To be honest, I don't read very many of the articles there - not my interest -
but I love the Index.

------
HalcyonMuse
<http://www.economist.com/> and <http://seedmagazine.com/> have great
reputations... at least in my book. They have a very high ratio of signal to
noise, in my opinion. I often enjoy <http://www.physorg.com/>, though it's
frequently a little over my head... at the same time, I appreciate that they
don't pull the punches, so to speak.

------
dkarl
I find that the more magazines I have, the less I get out of them, because I'm
able to pass over the "huh? meh" articles in favor of articles I know I'm
interested in. It's hard to remind myself that I don't already know what's
interesting and what isn't. Easy solution: I subscribe to The New Yorker and
The Atlantic in dead-tree form and read them cover to cover (except the New
Yorker's local stuff, since I'm not in New York.)

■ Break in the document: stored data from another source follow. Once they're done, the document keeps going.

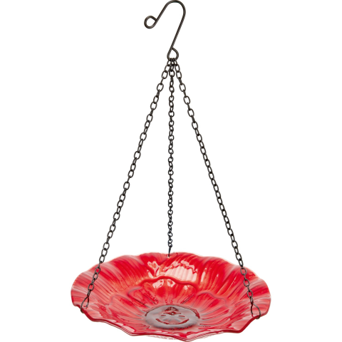 A piros színű, 23 cm átmérőjű, függő, üveg virágos madáritató azonnal felhívja magára a figyelmet minden kertben. Élénk piros színével és egyedülálló virágmintájával nemcsak a madarakat vonzza, hanem a csodáló pillantásokat is. 38 cm x 23 cm x 23 cm méretével elegendő helyet kínál tollas barátainak, hogy felfrissüljenek és igyanak. Nyári fénypont A madáritató különösen a meleg évszakban elengedhetetlen fontosságú. Üdvözlő felfrissülést kínál a
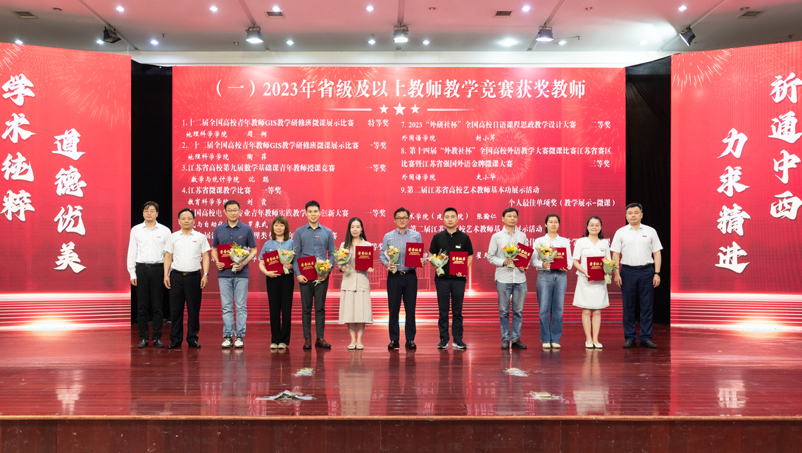 会上对第二批国家一流本科课程获奖者、2023年新增教育部和工信部平台及指导学生竞赛获奖者、2023年获得省级以上教师教学竞赛获奖者、2023年江苏省普通高等学校优秀本科毕业论文(设计)一等奖和优秀本科毕业论文(设计)团队奖获奖者、2023年获得省级荣誉教学管理人员进行了表彰,为2023年离开教学管理岗位的教师颁发荣誉证书,为增补本科教学督导发放聘书。
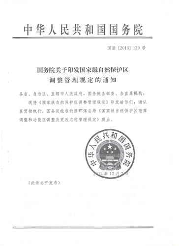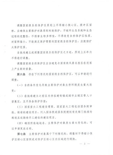 国务院关于印发国家级自然保护区调整管理规定的通知
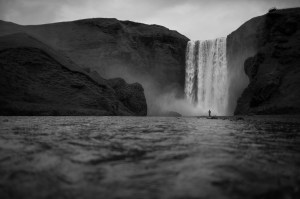 “You’ll come around the side of the mountain, and then turn left just after the waterfall.” These were the directions given by our hotel when late the night before travel I call to confirm our booking. “What if we don’t see the waterfall?” I asked, skeptically looking at the map – it was a little back from the road, we’d be arriving after dark… “You’ll see the waterfall,” replied the hotel receptionist after a moment’s ambiguous pause. We’d booked our Seattle trip through Icelandair, seeing a 25% saving compared to other airlines, offset by the minor inconvenience of a 2 hour stopover in Keflavik (which I viewed as a bonus, not having been to the country). Moment’s before booking I idly checked what happened to the price if you shifted that to a two day stopover – a near 40% saving… hence our two days in Iceland on the flight out, something I think I’ll repeat on all personal travel to the US. We dumped the idea of Reykjavik swiftly, opting to hire a car and make straight for Skógafoss – the vast south coast waterfall of which I have never seen a bad photograph. And it’s visible from the road, as a vast cube of roaring white power that dwarfs everything, everywhere, utterly. Not knowing where to start with my photographs of it, I picked this one for the view across the river. Sage advisors have noted different crops, which I do think are more effective, but I’m leading with this version for the wider sweep of foreground water. Amongst my top photography tips is that one should carry a pair of Crocs or Hunters (still waiting for the sponsorship cheque, if you’re reading this gents). In this case it was Crocs. The water is cold as a chemical burn, and earned me some enthusiastic heckles from Chinese onlookers – “牛! 牛! 牛!”. I like shooting just millimeters above the water, all a little haphazard, but really allowing the wide plane of rough water to dominate. Whilst I had it alone at night, a few fellow travelers were dotted around this frame – Photoshop is to thank for their not being visible here. I let one stranger remain, gazing up at the huge wall of falling water – probably still a good 150m+ from the falls themselves. For those who haven’t been; go. Hire a car at the airport and take the road east. It’s a couple of hours drive. Don’t worry about a map. You’ll see it from the road.

I don't understand how someone could consume a dozen magazines a month. I
don't have time for more than two (well, plus National Geographic; my
Grandmother gives me a subscription every year.) Maybe I read too much in
newspapers (like telling time by looking at the second hand of the clock) or
on the internet, or maybe I'm just a slow reader.

------
Donald
<http://www.nplusonemag.com/> Hipster's New Yorker. Less prolific, but makes
up with more pretension.

American politics: <http://nplusonemag.com/dev/test/drupal-test/obama>

Global politics: [http://nplusonemag.com/dev/test/drupal-test/?q=defending-
dic...](http://nplusonemag.com/dev/test/drupal-test/?q=defending-dictatorship-
another-view-pakistan)

Caustic film reviews: <http://www.nplusonemag.com/dark-knight>

------
chris11
I really like the New Yorker, especially the comics, but that has already been
mentioned. Harvard Business Review (hbr.com) has some well written free
articles. Makezine.com has interesting projects to work on.

------
PaulMorgan
Mother Jones Magazine: <http://www.motherjones.com/>